WEST VALLEY CITY — When Doris Wall moved into her West Valley City neighborhood 45 years ago, the houses were new, the lawns were manicured and everything had that 1960s sparkle.

Now her home isn't far from an area that's notorious for having high turnover, weeds and more than a few broken cars parked on the front lawns. It's the kind of area that West Valley City wants to clean up with a new Community Preservation Department — one more neighborhood Wall wants the city to fight for in her crusade to redeem West Valley's faltering reputation.

"West Valley does a lot of good things, and I get so sad and so tired of people saying, 'Don't move out there. It's really bad,"' Wall said. "It isn't. I wish people wouldn't give us such a bad rap because it's really not that bad. It really isn't."

As much as Wall — an involved resident and chairwoman of the local Neighborhood Watch — loves West Valley, she still admits there are areas in the city that need help. That need is the primary reason city manager Wayne Pyle drafted an executive order that created the new department that will devote more resources to keeping the city clean.

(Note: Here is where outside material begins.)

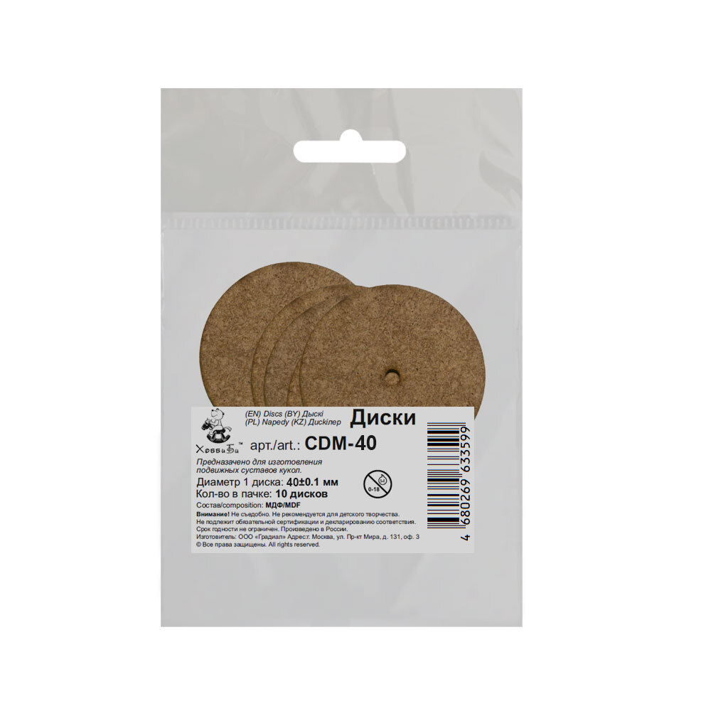 Диски из прессованной древесины ТМ "HobbyBe" артикул CDМ-40 - прочные, отлично подойдут для создания мишек Тедди и авторских игрушек. Диски крепкие, износостойкие. Благодаря креплениям с такими дисками игрушка будет долго радовать вас своим первоначальным видом.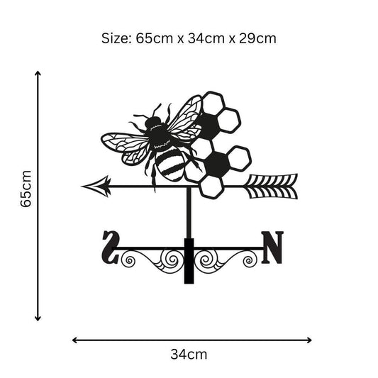 Metal Bee Silhouette Weathervane – 65 x 34 x 29 CM | Decorative Outdoor Wind Vane for Garden, Roof, Fence & Shed

The Community Preservation Department will combine several existing city divisions, like code enforcement, animal services and housing, under one umbrella. The new department will receive the existing budget allocations given to those departments plus an additional $400,000 in funds. A one-time $300,000 shot-in-the-arm for startup costs has also been approved by the city.

Pyle says the department's new director, Layne Morris, will hire more code enforcement officers — including an officer who will focus only on graffiti removal — and establish a method of measuring whether the new department is having an impact on improving the city.

"We don't have a real measurement or benchmarking system that says this is what the shape is of the whole city in terms of a neighborhood or a block, and we need to establish a baseline measure for whether we're improving," Pyle said. "We've tried to make some changes over the last few years, but until this past year (code enforcement) never rose to the level of priority that it did this year."

Morris, a West Valley City employee for 13 years, hopes to have a measuring system in place by July.

"The thing that excites me most about (the Community Preservation Department) is the chance to accomplish something that our residents have, frankly, demanded of us," Morris said. "Our job will be to promote (city ordinances) through education and fairly enforce the city's ordinances instead of just being so under-manned that we can barely keep up with some of the complaints."

The city's image is important to Morris and Pyle, but they say they care more about what their own residents think of living in the city. Wall definitely cares what outsiders think about the city.

"I want people to come down my street and say, 'Oh, this is a nice area,"' Wall said. "I don't want people that do crime to come down and say, 'These people don't care so we can do crime.' ... We're good people. We do care, and (West Valley City) is a good place to live. I wouldn't want to live anywhere else."